_What the exercise asks_
Skip pictures in the listing below; copy exactly the lines from the one with "Ho completato la" through the one with "Wholesale gold flower", inclusive.

== Segment start ==

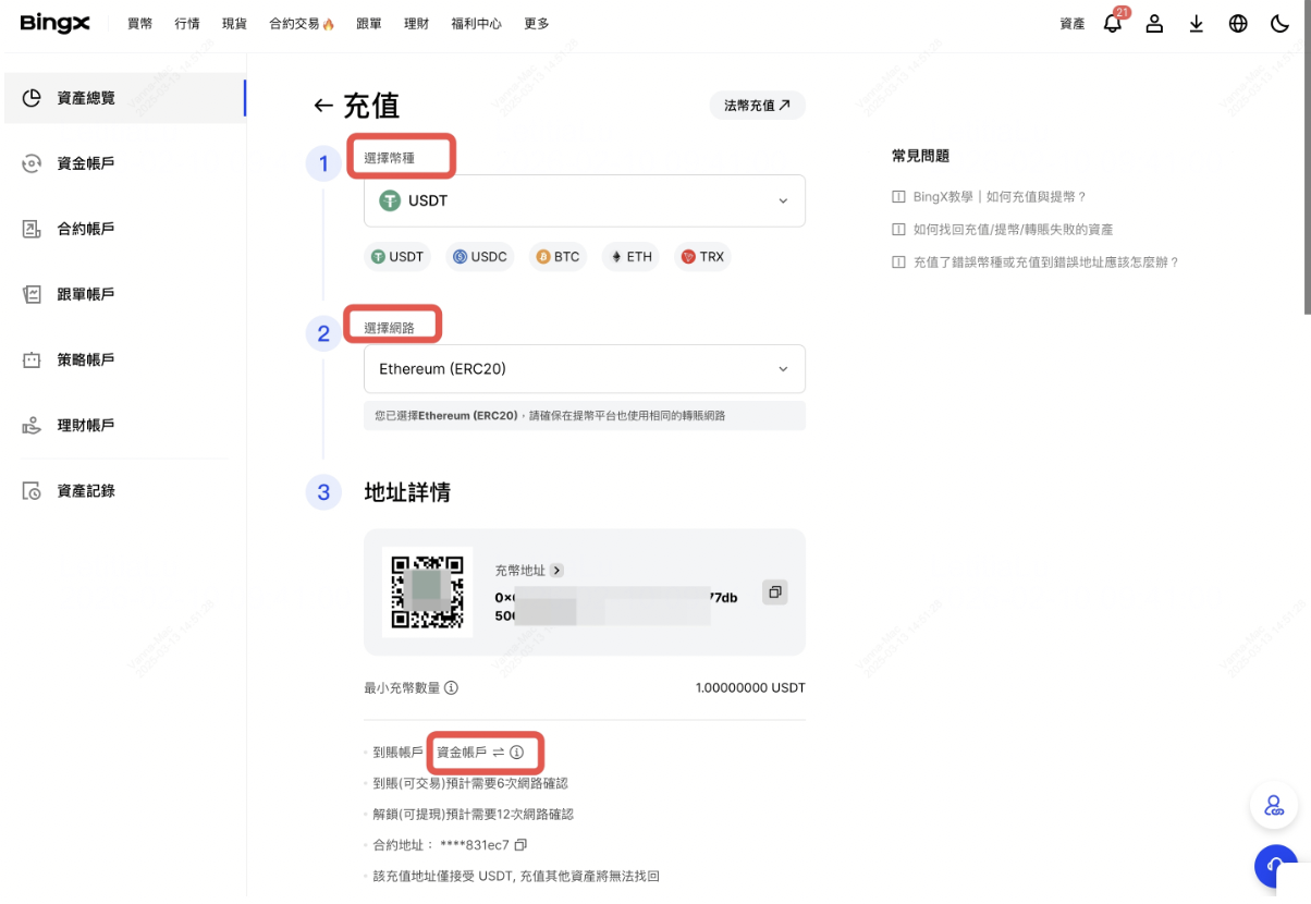 步驟 2:準備交易資金(USDT)
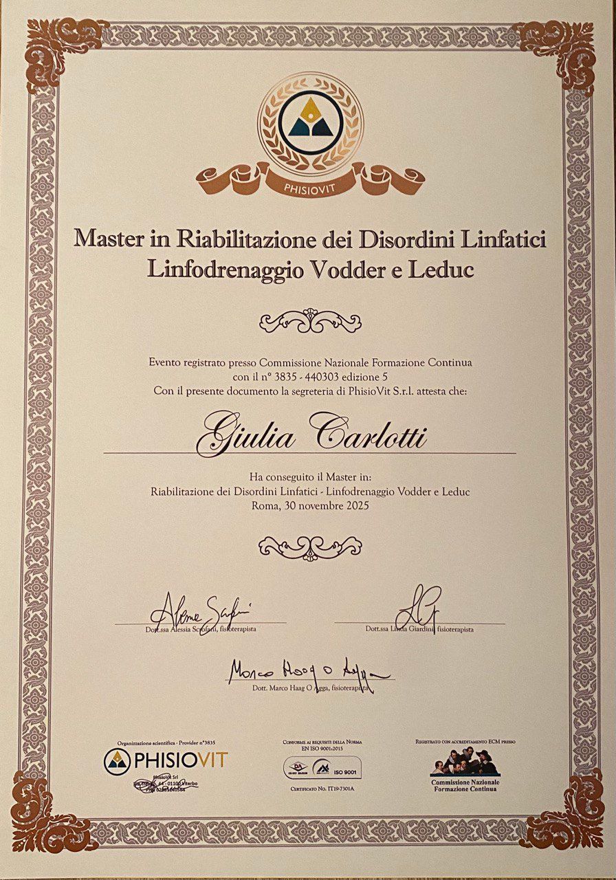 Ho completato la mia formazione con corsi di Idrokinesiterapia (Associazione ANIK) e Linfodrenaggio manuale secondo i metodi Vodder e Leduc, mantenendomi costantemente aggiornata per offrire un approccio sempre attuale e personalizzato ai miei pazienti.
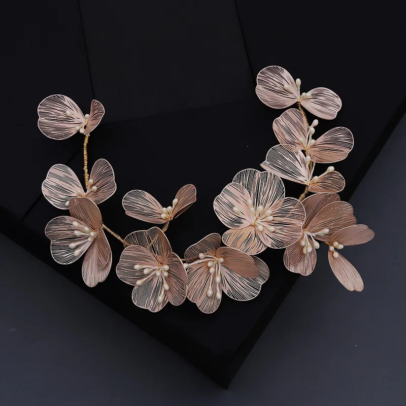 Wholesale gold flower petal hairband bride wedding headdress pearl handmade headband dress hair accessories wholesale nihaowholesale nhhs226725
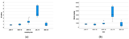 With SAR values, always less than 2.99, there is no risk regarding SAR (Table 5); hence, soil permeability is not expected to be affected with the proposed water and soil management. Finally, at the end of the experiment, the contents of fertility parameters such as OM and Ntot, and of nutrients such as P, K, Fe, and Zn increased in soil, while precautionary parameters such as EC (Figure 1a), nitrate (Figure 1b), and Na returned to the initial values. Only B, which was not lixiviated from soil during the rainy season, had to be carefully monitored, although its value of 1.8 mg·kg−1 did not come close to the value considered hazardous, i.e., 5 mg·kg−1 [26].
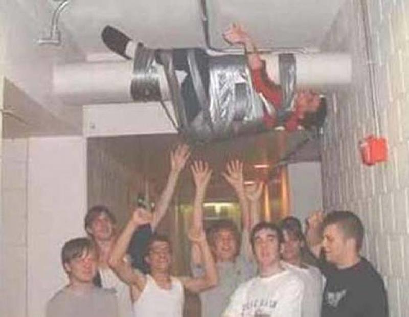 Have you ever wished you had the powers of a super hero? Specifically, Spiderman's super stickiness? Thought you needed a fictional spider to bite you, but look no further this alcohol fuelled genius has solved your problem. And all you need is tape and drunk friends.
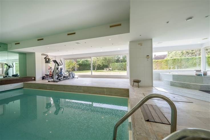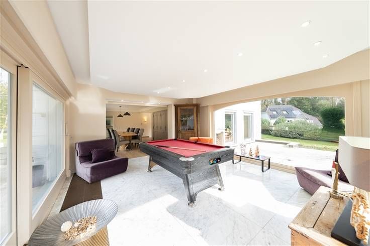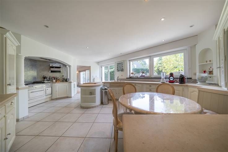 GELIJKVLOERS (400m²): ruime inkom, aparte ingang leidend naar een studio, prachtig salon (66m²) met bar en authentieke schouw, grote eetkamer (31m²), zithoek met biljarttafel (5m30x4m35), ruime eetkeuken (6m55x4m65), bureel of slaapkamer, binnenzwembad met jacuzzi en douche, dubbele garage, ruime terrassen en prachtige tuin
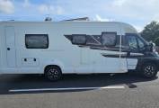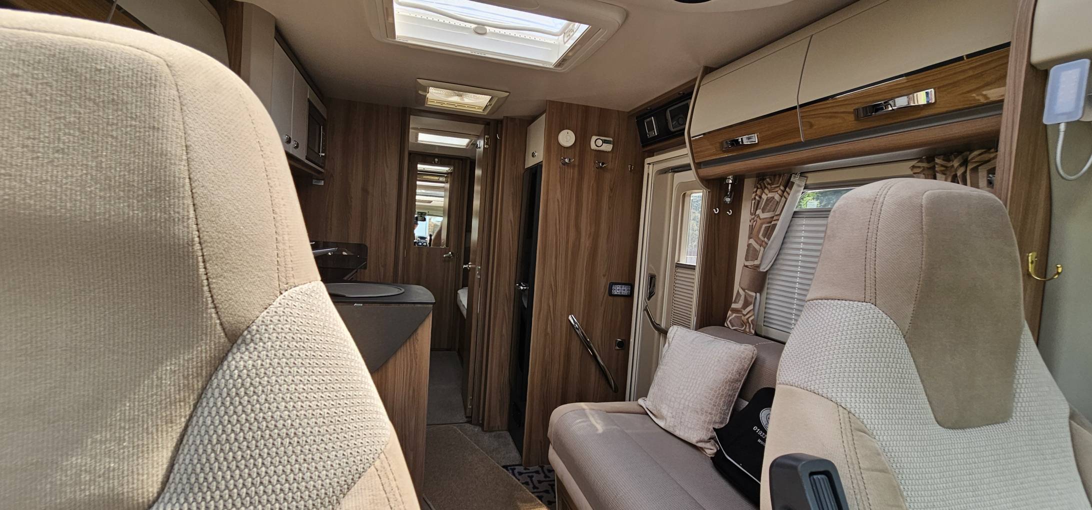 This motorhome comes with plenty of features, including a Thule bike rack, Thule wind out awning, and Alde heating to keep the motorhome warm during winter months. Plenty of skylights feature throughout the motorhome to keep natural light in, along with the elegant LED lighting throughout the habitation area.

== Segment end ==

_Response area_
 Ho completato la mia formazione con corsi di Idrokinesiterapia (Associazione ANIK) e Linfodrenaggio manuale secondo i metodi Vodder e Leduc, mantenendomi costantemente aggiornata per offrire un approccio sempre attuale e personalizzato ai miei pazienti.
 Wholesale gold flower petal hairband bride wedding headdress pearl handmade headband dress hair accessories wholesale nihaowholesale nhhs226725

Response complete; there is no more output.